В этот момент невиннейший ветерок змейкой промел уличную пыль.
Под ноги шаловливому ветерку бросился встречный малюсенький ветерок, от чего поднялся крошечный пыльный смерчик и засорил мне глаза.
Пока я протирал глаза, было слышно, как возле меня сопит и свистит, временами тяжело отдуваясь, некий человек в грязном и лохматом плаще. Плащ был из парусины, такой штопаной и грязной, что, надо думать, побыла она довольно на мачте. Его мутная борода торчала вперед, как клок сена, удерживаемая в таком положении, вероятно, ветром, который вдруг стал порывист и силен. На непричесанной голове этого человека черным шлепком лежала крошечная плюшевая шапочка, подвязанная под подбородок обыкновенной веревкой.
Как поднялась пыль, то я не мог толком рассмотреть его лицо... Черты эти перебегали, как струи; я припомнил лишь огромные дыры хлопающих, волосатых ноздрей и что-то чрезвычайно ветреное во всем складе пренеприятной, хотя добродушной, физиономии.
Мы как-то сразу познакомились, с первого взгляда. Положим, я был подвыпивши; кроме того, оба заговорили сразу, и к тому же я никогда не слышал, чтобы у человека так завлекательно свистело в носу. Что-то было в этом неудержимом высвистывании от нынешней капающей и скребущей музыки. И он дышал так громко, что с улицы улетели все голуби.
Он сказал:
- А? Что? Эй! Фью! Глаз засорил? Чихнул? Не беда! Клянусь муссоном и бризом! Пассатом и норд-вестом! Это я, я! Путешественник! Что? Как зовут? Уы-Фью-Эой! Ой! А-а! У-у-ы!
Я не тотчас ответил, так как наблюдал охоту степенного человека за собственным котелком. Котелок летел к набережной. Оглянувшись, я увидел еще много людей, ловивших что бог пошлет: шляпы, газеты, вырванные из рук порывом пыльной стихии; шлепнулся пузатый ребенок.
- Ну, вот... - сказал Фью (пусть читатель попробует величать его полным именем без опасности для языка), - всегда неудовольствие... беготня... и никогда... клянусь мистралем, ну, и аквилоном... никогда, чтоб тихо, спокойно... А хочется поговорить... уы... у-у-у... по душам. Нагнать, приласкать. А ты недоволен? Чем? Чем?

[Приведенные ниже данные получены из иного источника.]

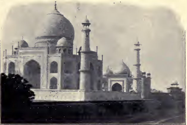
TAJ MAHAL AT AGRA.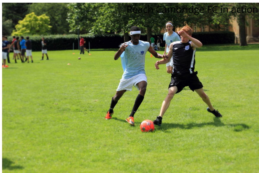
Reach Cambridge FC in action!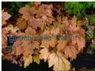
x Heucherella 'Sweet Tea'

Чем, клянусь, уже просто - зефиром, с чего начал.
Кто объяснит порывы откровенности - искренности, внезапного доверия к существу, само имя которого, казалось, лишено костей, а фигура вихляется как надутая воздухом. Но сей бродяга так подкупающе свистел носом, что я сказал все.
Фью загудел: "Ах так? Клянусь насморком! Клянусь розой ветров! Везде быть? Все видеть? Из шага в шаг? Все города и дома? Все войны и пески? Забрать глобус в живот? Ой-ой-ой-ой! Фью-фью! Это я видел! Я один, фью! И никто больше! Слушай: клянусь братом. С тех пор, как существует что-нибудь, что можно видеть глазами, - я уже везде был. И путешествовал без передышки. Заметь, что я никогда не дышу в себя, как это делаете вы раз двадцать в минуту. Я не люблю этого. Хочешь знать, что я видел? Как раз все то, что ты не видел, и то, что ты. Что англичане? Дети они. Возьми проволоку и уложи в спираль вокруг пестрого шара от полюса до полюса, оборот к обороту - это я там был! Везде был! Помнишь, когда еще не было ничего, кроме чего-то такого живого, скользкого и воды? И страшнейших болот, где, скажем, тогдашняя осока толщиной в мачту. Ну, все равно. Я путешествовал на триремах, галиотах, клиперах, фрегатах и джонках. Короче говоря, на каком месте ты ни развернешь книгу истории..."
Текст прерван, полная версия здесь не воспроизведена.